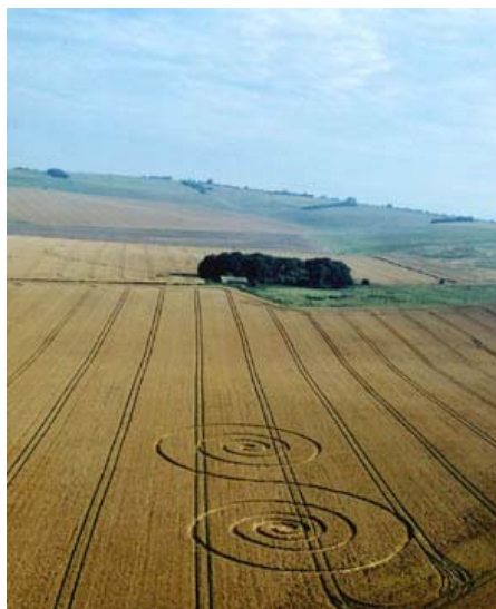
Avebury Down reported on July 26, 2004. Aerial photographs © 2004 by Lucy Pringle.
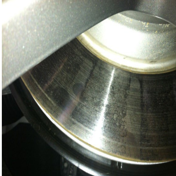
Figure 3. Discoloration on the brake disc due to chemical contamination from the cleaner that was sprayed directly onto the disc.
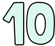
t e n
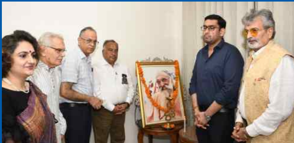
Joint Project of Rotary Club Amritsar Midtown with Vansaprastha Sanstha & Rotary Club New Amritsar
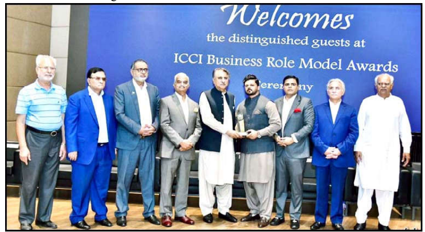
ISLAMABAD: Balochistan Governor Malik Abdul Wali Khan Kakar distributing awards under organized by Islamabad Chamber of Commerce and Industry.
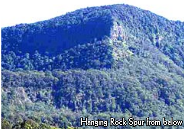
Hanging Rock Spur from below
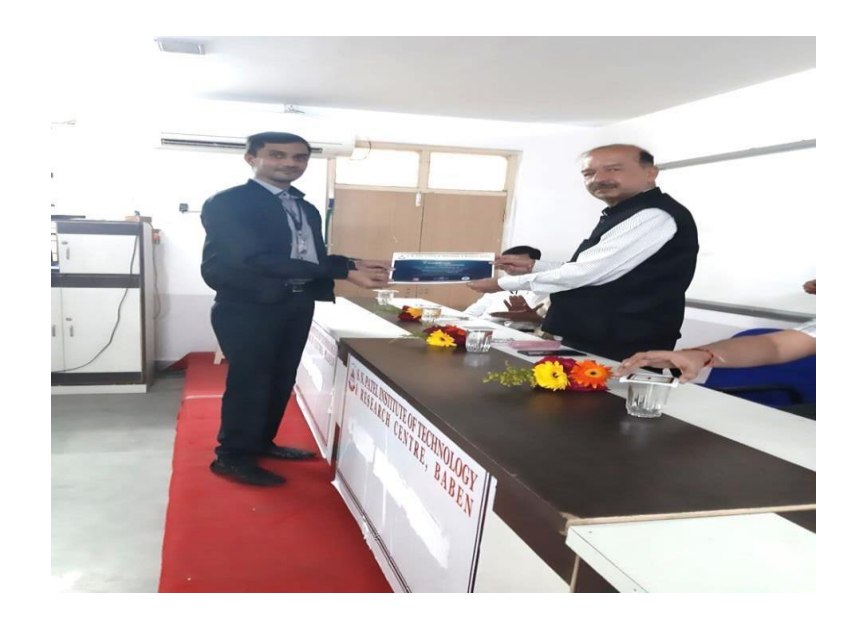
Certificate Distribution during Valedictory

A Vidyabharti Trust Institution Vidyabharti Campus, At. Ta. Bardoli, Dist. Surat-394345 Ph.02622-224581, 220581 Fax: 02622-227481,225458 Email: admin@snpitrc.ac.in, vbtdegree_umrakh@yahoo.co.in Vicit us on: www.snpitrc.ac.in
□ □ □ □
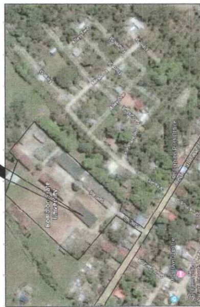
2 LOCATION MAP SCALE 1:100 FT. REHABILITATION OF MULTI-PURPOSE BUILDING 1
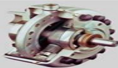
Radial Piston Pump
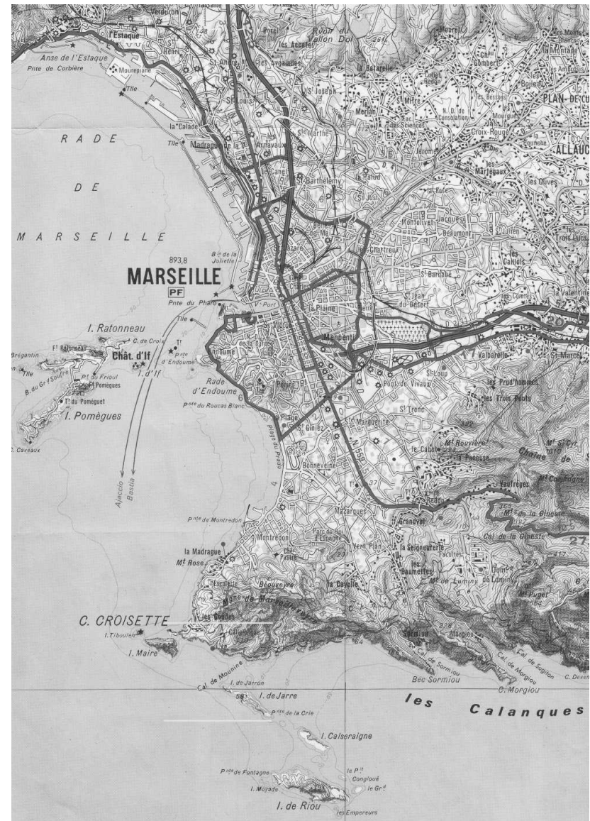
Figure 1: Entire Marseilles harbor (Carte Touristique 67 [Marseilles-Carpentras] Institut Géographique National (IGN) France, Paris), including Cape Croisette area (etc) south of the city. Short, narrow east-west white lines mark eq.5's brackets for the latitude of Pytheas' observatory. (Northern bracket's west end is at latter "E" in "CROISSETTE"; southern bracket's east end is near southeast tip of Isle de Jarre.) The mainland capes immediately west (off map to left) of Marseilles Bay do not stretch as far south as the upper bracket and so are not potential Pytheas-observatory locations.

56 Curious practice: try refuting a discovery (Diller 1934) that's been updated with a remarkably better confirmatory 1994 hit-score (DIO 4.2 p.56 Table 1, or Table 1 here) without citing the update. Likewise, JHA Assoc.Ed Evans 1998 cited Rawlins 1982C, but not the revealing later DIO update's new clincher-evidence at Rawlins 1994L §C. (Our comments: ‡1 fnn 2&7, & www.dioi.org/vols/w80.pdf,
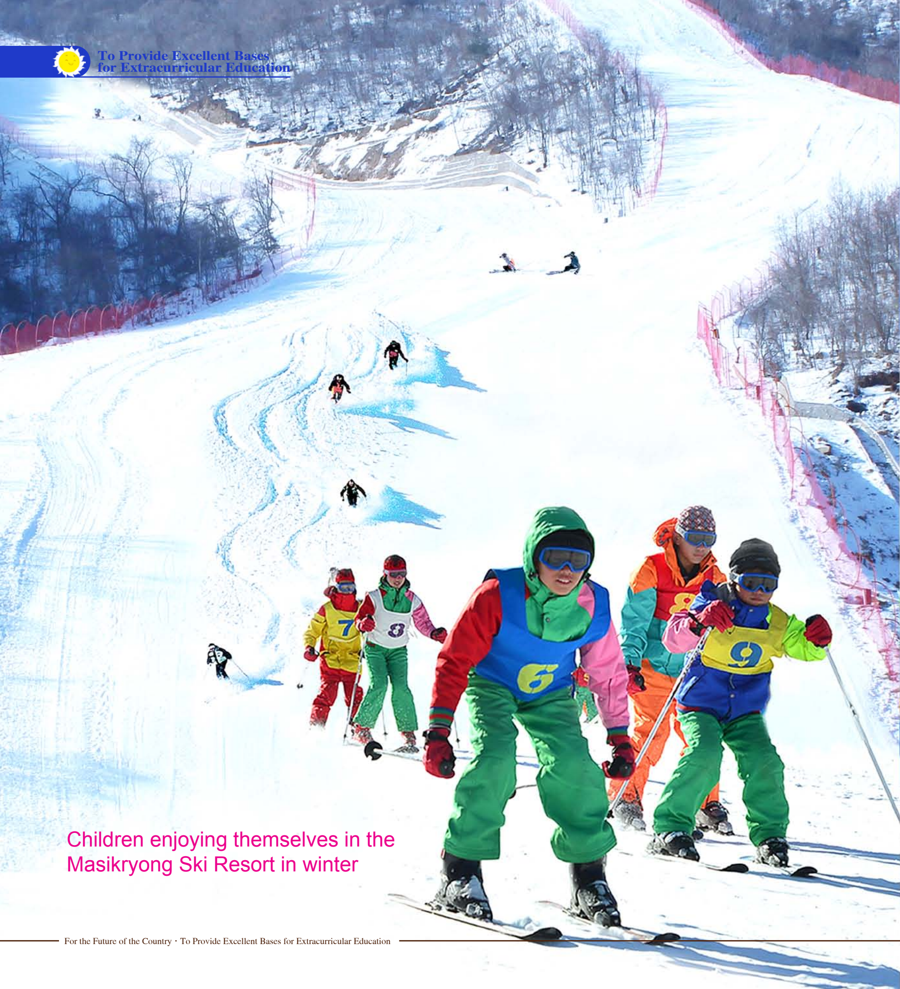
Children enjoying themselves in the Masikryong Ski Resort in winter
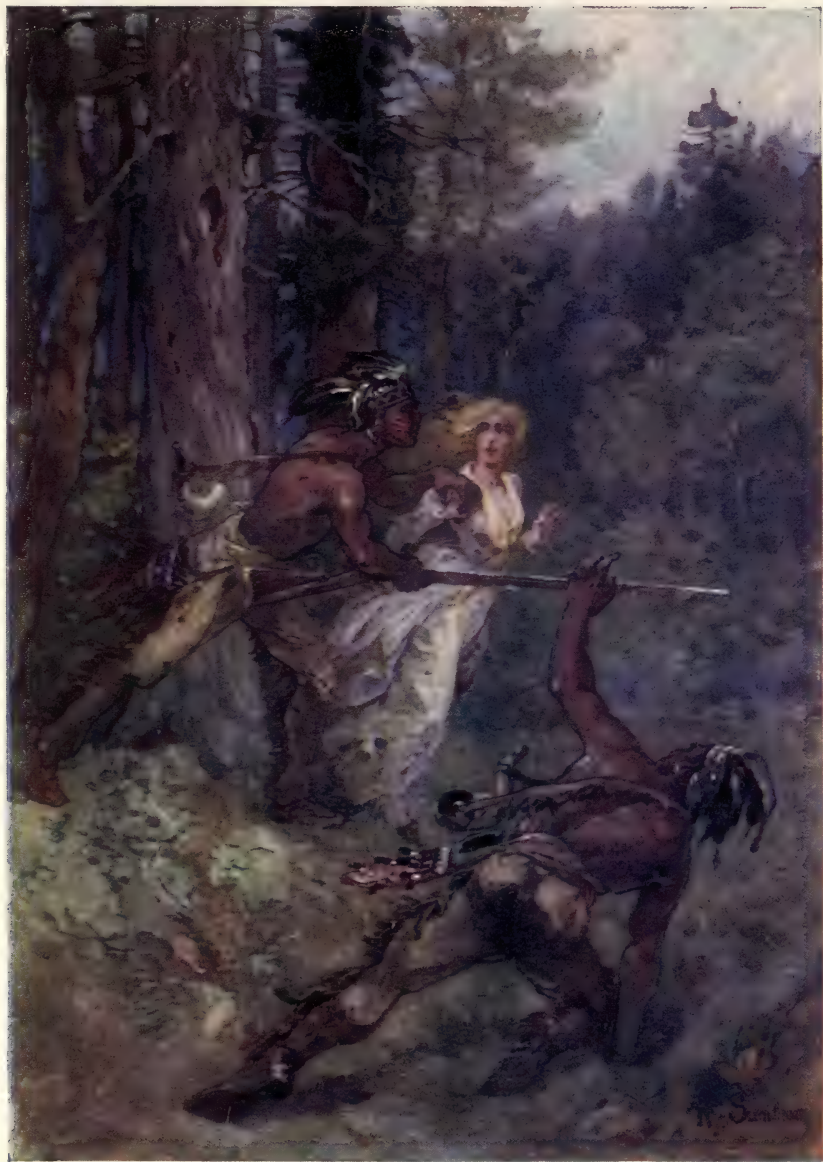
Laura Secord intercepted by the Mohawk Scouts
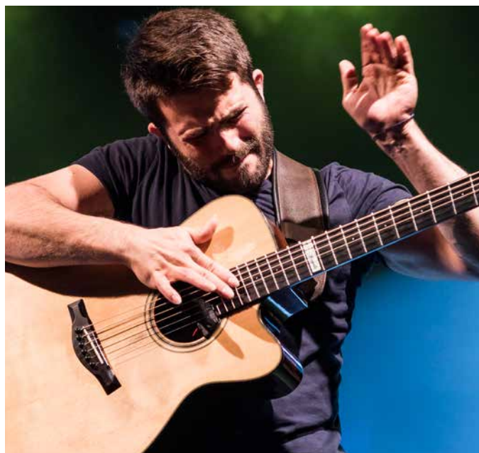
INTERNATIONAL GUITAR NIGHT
□ □ □ □
Set the pictures aside and reproduce exactly the lines above, from the line holding "Avebury Down reported" through the line holding "A Vidyabharti Trust", both included, with nothing else.

• _Answer to this problem_:
Avebury Down reported on July 26, 2004. Aerial photographs © 2004 by Lucy Pringle.
Figure 3. Discoloration on the brake disc due to chemical contamination from the cleaner that was sprayed directly onto the disc.
t e n
Joint Project of Rotary Club Amritsar Midtown with Vansaprastha Sanstha & Rotary Club New Amritsar
ISLAMABAD: Balochistan Governor Malik Abdul Wali Khan Kakar distributing awards under organized by Islamabad Chamber of Commerce and Industry.
Hanging Rock Spur from below
Certificate Distribution during Valedictory

A Vidyabharti Trust Institution Vidyabharti Campus, At. Ta. Bardoli, Dist. Surat-394345 Ph.02622-224581, 220581 Fax: 02622-227481,225458 Email: admin@snpitrc.ac.in, vbtdegree_umrakh@yahoo.co.in Vicit us on: www.snpitrc.ac.in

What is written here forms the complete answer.